There are several anthropogenic inputs of mercury to the environment, including mining, fossil fuel combustion (e.g., coal-fired power plants), byproducts from paper manufacturing, chor-alkali production, and medical waste incineration. Once deposited in the coastal zone, mercury is methylated by microorganisms in sediment and soil into its more bioavailable and toxic form (methylmercury) allowing it to propagate through the marine food chain to apex predators such as dolphins. This process occurs very efficiently along Florida’s coastal regions that are rich in marshes and mangroves. Bottlenose dolphins obtain mercury primarily from fish prey. Mercury is known to have neurological and immunological toxic effects at low concentrations. U.S. Environmental Protection Agency (US EPA) reference doses for total mercury and methyl mercury in edible fish tissue are 300 ng/g and 100 ng/g (units of parts-per-billion), respectively. Consumption of fish is the main route of human exposure to mercury and this element is often the reason for issuance of most of the fish consumption advisories in the U.S. These action levels are used as benchmarks for human risk, especially for pregnant females or children. It is interesting to note that blood total mercury concentrations for most of the older animals exceed 300 ng/g, the EPA action limit for total mercury in edible fish tissue. Total mercury levels in dolphin blood were related to age class and sex, as shown in Figure 1. Males and females accumulate mercury through the calf and juvenile stages. It seems that fish consumption plays a stronger role in mercury bioaccumulation relative to gestational or milk transfer to young. Total mercury concentrations in reproductive-age females are significantly higher than adult males and higher than the younger age classes of both sexes. This increased mercury bioaccumulation may be due to higher female feeding rates needed to keep up with the energy demands of lactation. Methylmercury was measured in a subset of samples. The chemical form of mercury in blood is predominantly toxic methylmercury (90% of total mercury signature) and in milk comprises greater than 50% of the total mercury signature.

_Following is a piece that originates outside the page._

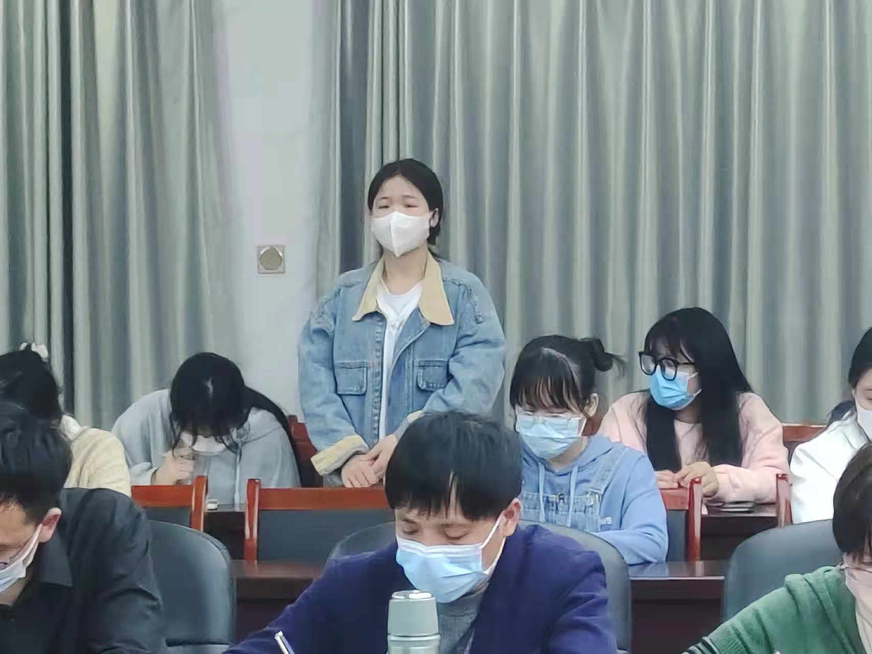 最后,余校长充分肯定了护理学院的学生工作,对护理学院积极参与疫情防控工作的志愿者表示感谢。针对同学们提出的问题,表示能解决的一定解决,暂不能解决的一定说明原因,限时解决。同时期望同学们在专业学习和行为习惯上不断加强,既要有专业技能、职业技能,也要有道德技能。要求同学们自觉遵守学校各项疫情防控要求,积极配合各项管理措施,共同守护好校园平安健康。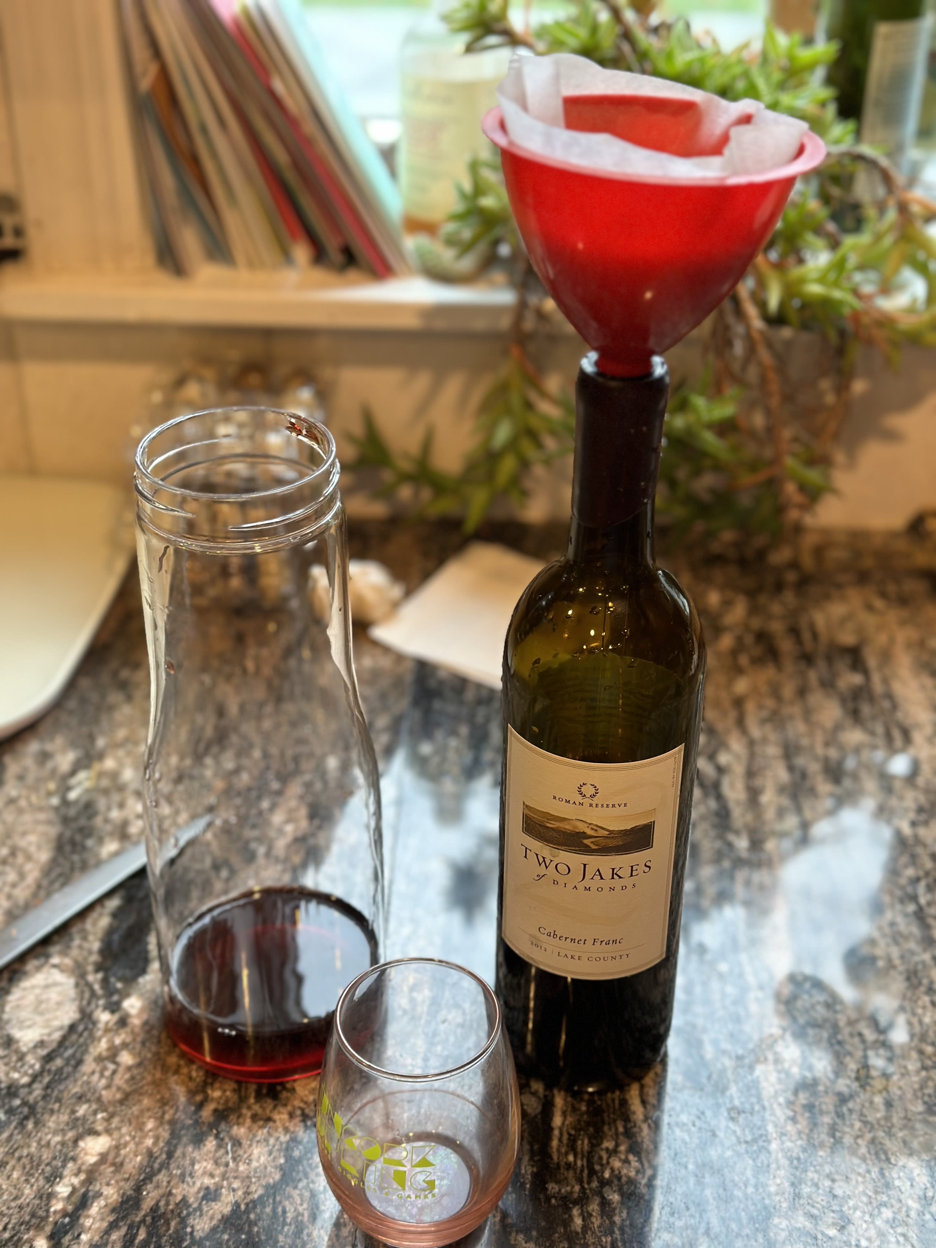 FWIW (probably not much), I also played along at home. 2012 RR CF but from a previous offer. Poured it through a filtered spout into a pseudo-decanter and set the lid on top sideways to allow air in but somewhat less than fully open. The wine actually tasted ok on Day 1, probably would have opened up nicely in the glass but I just took a small taste. Let it sit 2 days and revisited. Like

The trace element concentrations established in this study can serve as a baseline index for future monitoring of this population and as a benchmark for comparisons to other coastal bottlenose dolphin populations currently under study. The methods developed at NIST are universal and will be transferred to all dolphin live capture health assessment projects performed in the U.S. Several manuscripts addressing the analytical methods developed for the project and the utility of employing blood and skin as non-lethal indicators for trace element status are currently in preparation. Future research will be incorporated into Ms. Bryan’s PhD project at the Medical University of South Carolina. One of the goals will be to put concentration data in a physiological context in order to qualify sublethal health impacts, using a combination of biological and physiological endpoints to aid in evaluating the effects of specific trace element contaminants. Other future goals are to conduct more trace element speciation experiments, examine trace element protein coupling and mechanisms, develop biomarkers for bottlenose dolphins and apply these methods to urine diagnostics. Support for this project has been provided by NOAA Fisheries, Dolphin Quest, and Disney’s Animal Programs.